How to fix Title, Primary language, and Tagged PDF Meta Data of PDF output for Accessibility Check

aclaudio · October 23, 2020, 12:53am

I would just to have like to take the HTML to PDF result, and then auto-tag it - because at the moment since there is no tagged content, I can’t do anything about programmatically tagging those elements.

asad.ali · October 23, 2020, 5:21pm

@aclaudio

It is similar to convert the PDF result into tagged PDF and we have tried that already. We tried to convert the document directly into PDF/UA but image was not tagged in the output for alternate text. We then tried to tag the images by accessing ITaggedContent but API did not find any StructureElement in the PDF.

HtmlLoadOptions htmlLoadOptions = new HtmlLoadOptions();
htmlLoadOptions.PageInfo.Width = Aspose.Pdf.PageSize.PageLegal.Width;
htmlLoadOptions.PageInfo.Height = Aspose.Pdf.PageSize.PageLegal.Height;
htmlLoadOptions.PageInfo.Margin = new MarginInfo(0, 48, 0, 36);

Document doc = new Document(dataDir + "testing_data.html", htmlLoadOptions);
doc.Convert(dataDir + "validationlog.xml", PdfFormat.PDF_UA_1, ConvertErrorAction.Delete);
doc.Save(dataDir + "pdf209.pdf");

doc = new Document(dataDir + "pdf209.pdf");
ITaggedContent taggedContent = doc.TaggedContent;
StructureElement rootElement = taggedContent.RootElement;

// Set title for tagged pdf document
taggedContent.SetTitle("Document with images");
foreach (FigureElement figureElement in rootElement.FindElements<FigureElement>(true))
{
 // Set Alternative Text  for Figure
 figureElement.AlternativeText = "Figure alternative text (technique 2)";
}
doc.Save(dataDir + "taggedimage.pdf");

This scenario has already been logged under the ticket ID PDFNET-48846 which is currently under the phase of investigation. We will surely inform you as soon as the ticket is resolved. However, if there is something which we missed or could not understand correctly, please let us know.

aclaudio · October 23, 2020, 8:17pm

Right I know the image element could not be tagged - however this is also true for the rest of the elements correct, that there is no way to tag any of the elements that are existing there already via the HTML to PDF approach I provided examples of?

asad.ali · October 26, 2020, 8:05pm

@aclaudio

Yes you are right. And all this information has been logged under the related ticket. We will investigate it from every aspect and will inform you for sure as soon as it is resolved. We highly appreciate your patience and comprehension in this regard. Please give us some time.

We apologize for the inconvenience caused.

alok.agarwal1979 · July 14, 2021, 7:13am

Any update on PDFNET-48846 is it implemented in aspose 21.5 version?
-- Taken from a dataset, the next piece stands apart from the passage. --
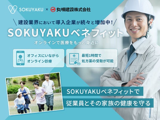 ジェイフロンティア株式会社(本社:東京都渋谷区、代表者:代表取締役社長執行役員 中村篤弘、以下「当社」)は、当社が提供するオンライン診療・服薬指導・処方薬配送サービス「SOKUYAKU(ソクヤク)」の利用が可能になる、従業員への福利厚生サービス「SOKUYAKUベネフィット」が、ISO認証取得や資格取得支援の下、高品質・安全・地域貢献を軸に土木、建築、解体、舗装、水道工事など公共・民間工事を広く手掛け、1889年の創業以来、静岡で長く信頼を築いてきた丸明建設株式会社(本社:静岡県袋井市、代表取締役社長:井谷 晋之輔)に導入されたことをお知らせいたします。

asad.ali · July 14, 2021, 4:03pm

@alok.agarwal1979

We are afraid that the earlier logged ticket is not yet resolved. We will surely update this forum thread as soon as the ticket is fully investigated and fixed. Please give us some time.

We are sorry for the inconvenience.

alok.agarwal1979 · July 30, 2021, 4:59am

Hello,
Do we have any support for creating pdf without any accessibility issues from html page using Aspose. I looked around in the documentation and support, could not get any satisfactory search.
Regards,
Alok

asad.ali · July 30, 2021, 5:56pm

@alok.agarwal1979

We are afraid that required functionality is currently under the phase of investigation. The related ticket is PDFNET-48846 which has been linked to this thread. As soon as the feature is available, we will update in this forum thread. Please be patient and give us some time.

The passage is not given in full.